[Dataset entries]
━━━━━━━━━━━━━━━━━━━━

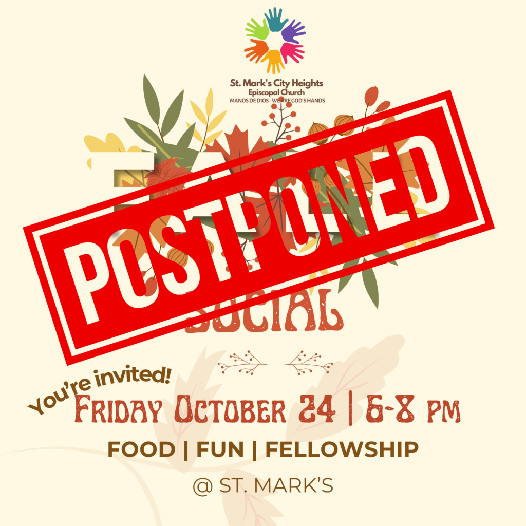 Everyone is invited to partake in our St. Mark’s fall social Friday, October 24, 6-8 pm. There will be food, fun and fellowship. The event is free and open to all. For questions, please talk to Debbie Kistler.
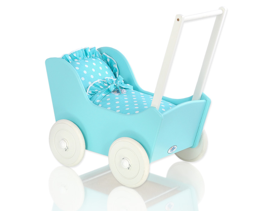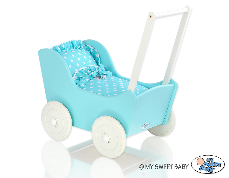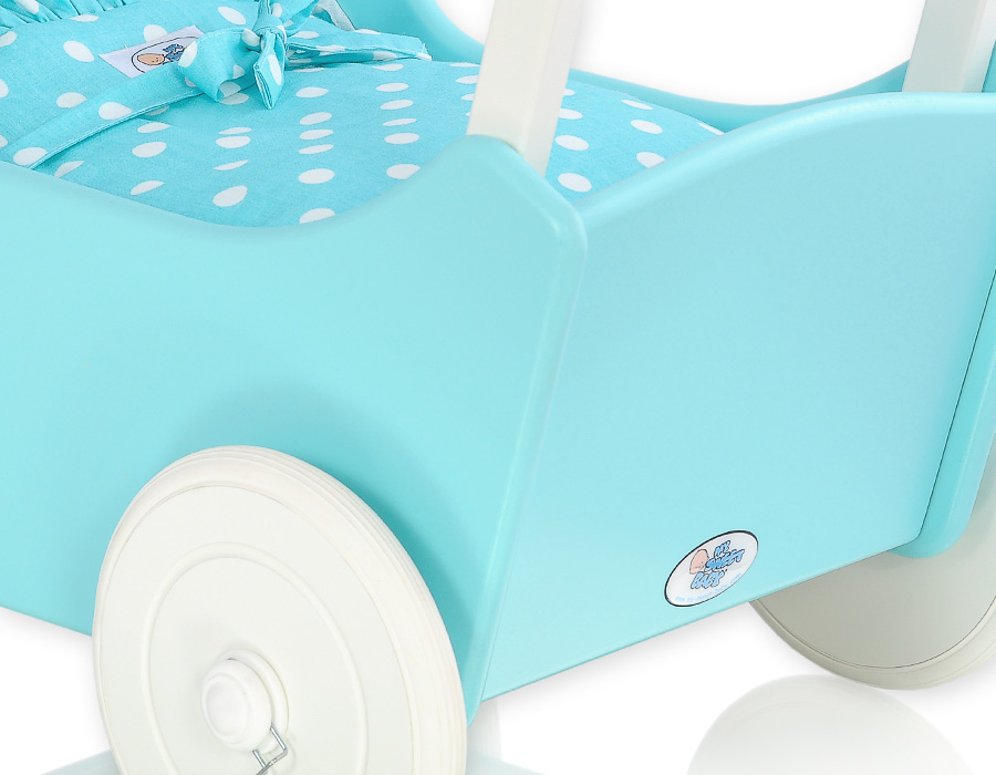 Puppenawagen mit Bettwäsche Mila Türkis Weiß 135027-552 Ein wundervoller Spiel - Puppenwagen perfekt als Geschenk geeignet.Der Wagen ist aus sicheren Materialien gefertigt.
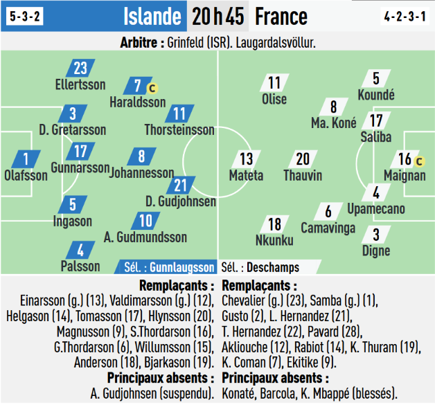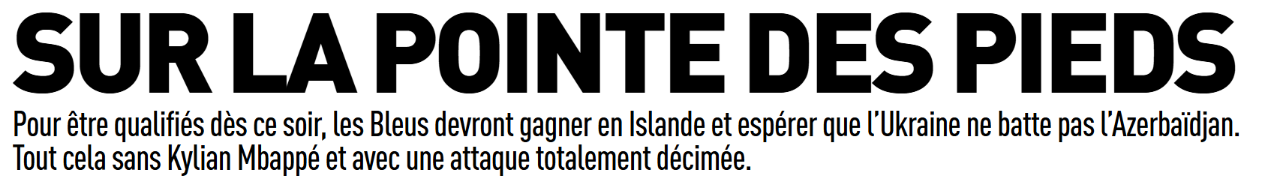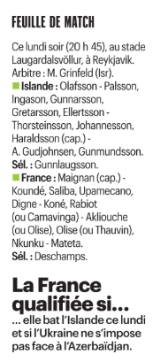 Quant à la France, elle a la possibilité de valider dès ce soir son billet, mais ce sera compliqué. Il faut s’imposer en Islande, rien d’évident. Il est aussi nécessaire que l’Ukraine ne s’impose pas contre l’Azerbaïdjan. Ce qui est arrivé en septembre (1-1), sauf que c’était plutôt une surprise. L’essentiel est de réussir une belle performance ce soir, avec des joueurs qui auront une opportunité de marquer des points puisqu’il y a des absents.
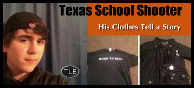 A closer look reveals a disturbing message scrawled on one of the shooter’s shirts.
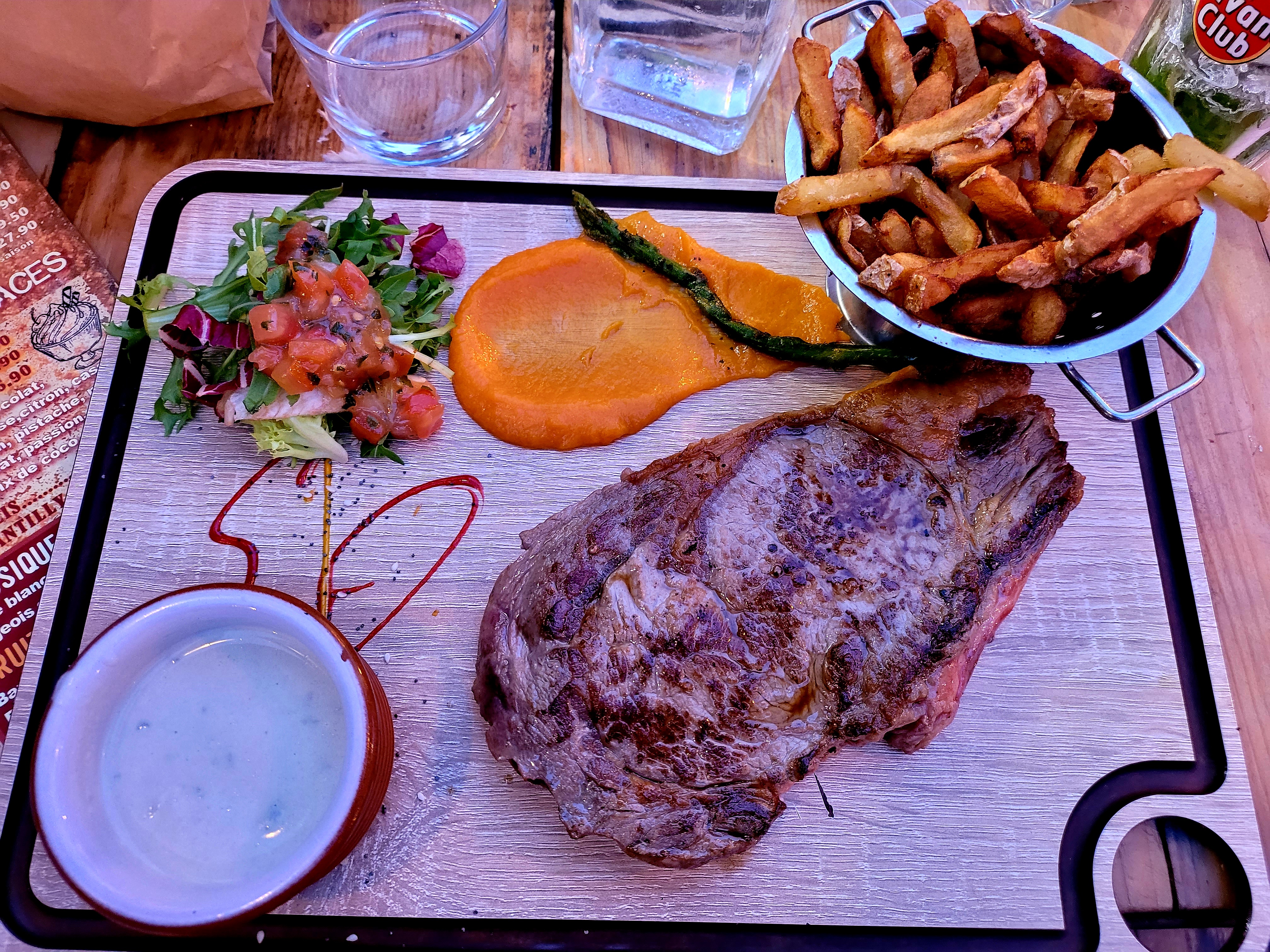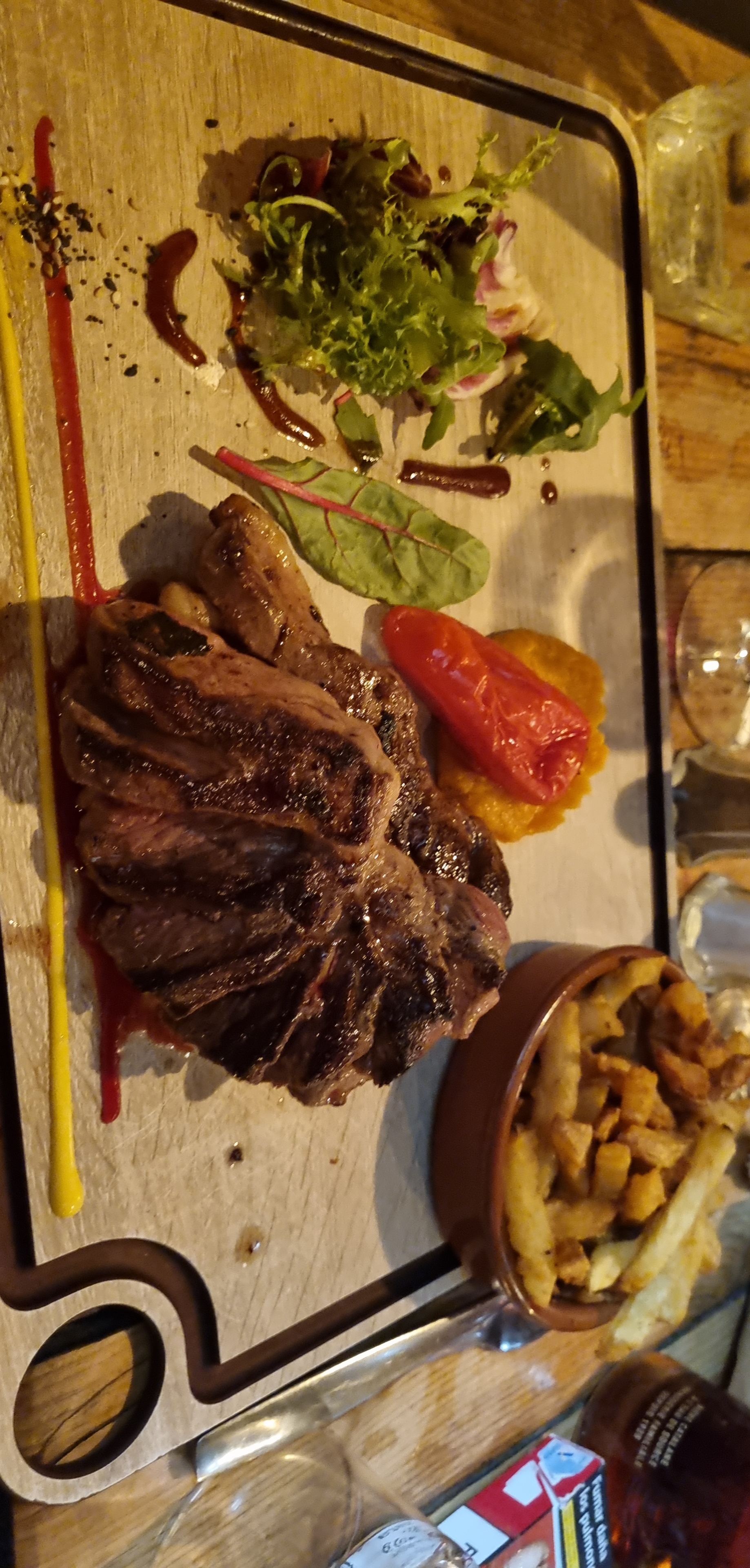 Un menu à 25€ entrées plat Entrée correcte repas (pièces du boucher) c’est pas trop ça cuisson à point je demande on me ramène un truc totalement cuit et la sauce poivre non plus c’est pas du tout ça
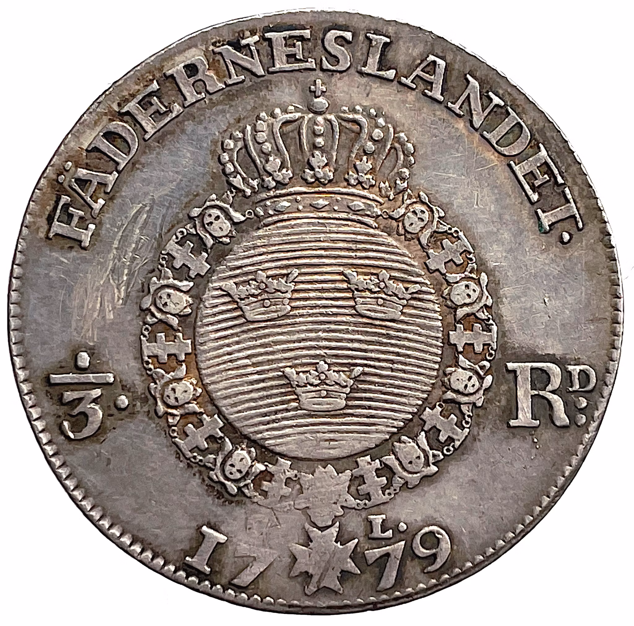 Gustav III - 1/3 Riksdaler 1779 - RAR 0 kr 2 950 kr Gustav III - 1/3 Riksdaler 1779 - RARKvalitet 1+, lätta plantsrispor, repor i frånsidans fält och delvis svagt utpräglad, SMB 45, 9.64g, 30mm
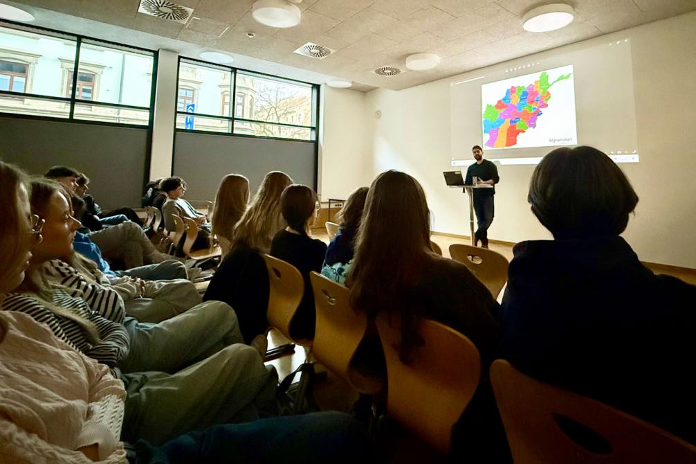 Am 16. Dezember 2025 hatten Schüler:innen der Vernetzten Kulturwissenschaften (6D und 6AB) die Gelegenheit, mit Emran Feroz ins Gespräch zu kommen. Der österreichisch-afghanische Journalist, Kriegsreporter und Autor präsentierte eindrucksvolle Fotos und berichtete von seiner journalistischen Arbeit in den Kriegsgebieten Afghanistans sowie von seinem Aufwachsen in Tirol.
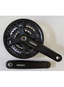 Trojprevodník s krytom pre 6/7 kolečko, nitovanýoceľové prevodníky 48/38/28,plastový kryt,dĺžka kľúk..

━━━━━━━━━━━━━━━━━━━━

▶ [THE PROBLEM]: Beginning with the first entry above, reproduce every line verbatim until the line with "Gustav III - 1/3 Riksdaler 1779 - RAR 0", which is included too; omit pictures.

▶ [REPLY]:
 Everyone is invited to partake in our St. Mark’s fall social Friday, October 24, 6-8 pm. There will be food, fun and fellowship. The event is free and open to all. For questions, please talk to Debbie Kistler.
 Puppenawagen mit Bettwäsche Mila Türkis Weiß 135027-552 Ein wundervoller Spiel - Puppenwagen perfekt als Geschenk geeignet.Der Wagen ist aus sicheren Materialien gefertigt.
 Quant à la France, elle a la possibilité de valider dès ce soir son billet, mais ce sera compliqué. Il faut s’imposer en Islande, rien d’évident. Il est aussi nécessaire que l’Ukraine ne s’impose pas contre l’Azerbaïdjan. Ce qui est arrivé en septembre (1-1), sauf que c’était plutôt une surprise. L’essentiel est de réussir une belle performance ce soir, avec des joueurs qui auront une opportunité de marquer des points puisqu’il y a des absents.
 A closer look reveals a disturbing message scrawled on one of the shooter’s shirts.
 Un menu à 25€ entrées plat Entrée correcte repas (pièces du boucher) c’est pas trop ça cuisson à point je demande on me ramène un truc totalement cuit et la sauce poivre non plus c’est pas du tout ça
 Gustav III - 1/3 Riksdaler 1779 - RAR 0 kr 2 950 kr Gustav III - 1/3 Riksdaler 1779 - RARKvalitet 1+, lätta plantsrispor, repor i frånsidans fält och delvis svagt utpräglad, SMB 45, 9.64g, 30mm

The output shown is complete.